Albert Cooper shares his birthday not only with the great Anglo-American comedian Stan Laurel (1890 -1965) but also International Bloomsday. And in fact he's a great admirer of James Joyce’s masterpiece Ulysses (1922) ; there’s even a touch of the Leopold Bloom in Albert in Chris Bailey's film as he walks the streets of the city he loves while remembering the pubs, shops and smells of a Norwich long gone. 

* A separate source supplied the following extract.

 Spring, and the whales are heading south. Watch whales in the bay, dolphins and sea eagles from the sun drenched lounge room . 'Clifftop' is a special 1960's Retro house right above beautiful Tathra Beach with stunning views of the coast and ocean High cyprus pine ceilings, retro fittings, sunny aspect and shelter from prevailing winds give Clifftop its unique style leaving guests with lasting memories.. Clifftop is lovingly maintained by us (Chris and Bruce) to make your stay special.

Albert Cooper’s two great lamentations are the madness of Norwich City Planners in their wanton vandalism masquerading as ‘development’ throughout the 1960's to the present-day, and the outcome of the Second Vatican Council in 1962. Nevertheless, hailing from one of Norwich's oldest Catholic families, the Roman Catholic faith remains the bedrock foundation of Cooper’s belief. Nurtured since a boy chorister upon the music composed for Mass by Gounod, Schubert and Mozart, he's been a committed Catholic his entire life, regularly attending Mass at the Roman Catholic cathedral of Saint John the Baptist’s at Norwich.

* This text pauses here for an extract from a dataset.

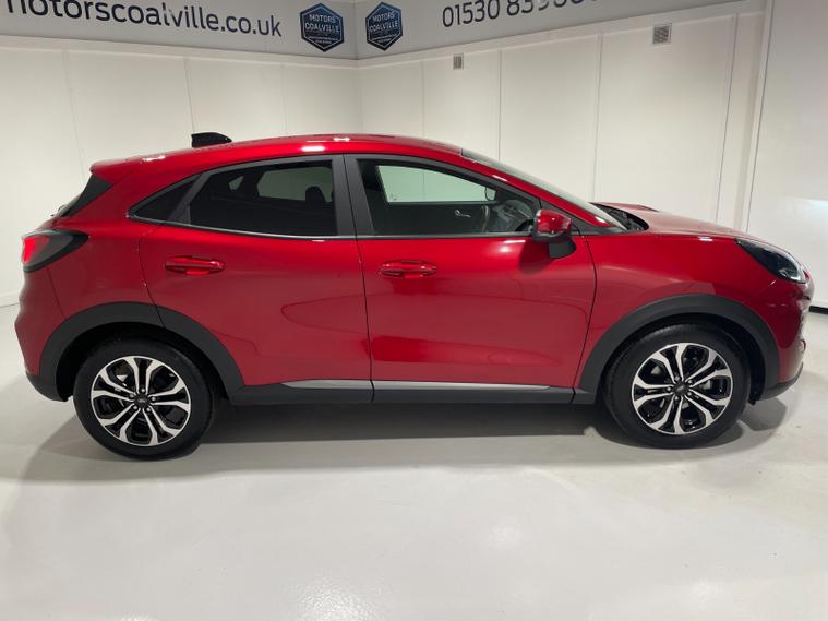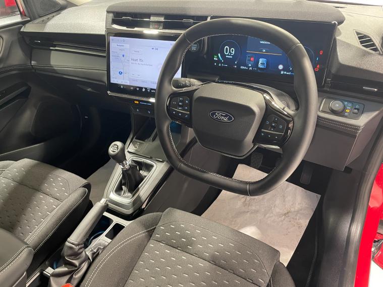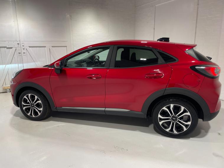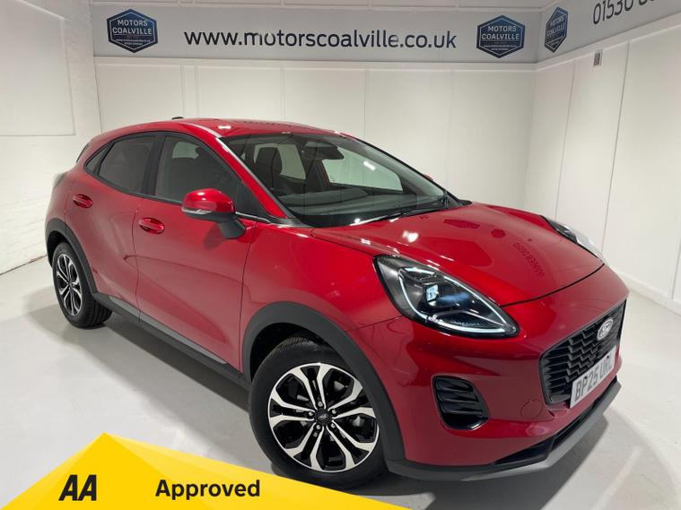 2025 25 Reg New Model Ford Puma 1.0 EcoBoost mHEV (125PS) TITANIUM 6spd Manual 5dr. Fantastic Red metallic with Charcoal cloth interior, SYNC4 TOUCHSCREEN DAB SATELLITE NAVIGATION, REAR CAMERA, Bluetooth USB, Apple CarPlay, Android Auto, FORD MEGABOX EXTENDED BOOT SPACE, REAR parking sensors, 17 inch alloy wheels, AIR CON, FORD power start button, Drivers Assistance features to include traffic sign recognition, auto high beam & driver alert, centre console with arm rest, tyre pressure monitoring system, Thatcham alarm, NCAP Pack (lane-keeping alert & lane-keeping aid, speed limiter, rear seat belt minder, rear centre head restraint & auto-headlamps), front fog lamps with cornering lights, heated front screen, privacy glass, remote central locking, electric front windows, ESP, Hill start assist, trip computer, ambient lighting, 2, 173 miles (BP 25 URL).

As the wine flows and the evening progresses, Albert, I discover, is an extremely engaging raconteur. Talking on Norwich in the 1950's in the days before TV and video when the Capitol, Odeon, Electric, Regent, Haymarket, Carlton and Noverre cinemas thrived, young Albert would sometimes visit the cinema three or four times in a week. These days he's a bit of a film buff and swiftly names Jean de Florette and Manon des Sources, Dr. Zhivago, Sabrina, the Ealing comedies of the 50's and, keeping abreast with modern trends The Lives of Others as favourite viewing. But above all, its David Lean's Brief Encounters (1946) with its soundtrack of the passionate and romantic music of Rachmaninov's 2nd piano concerto which is Albert's all-time favourite film.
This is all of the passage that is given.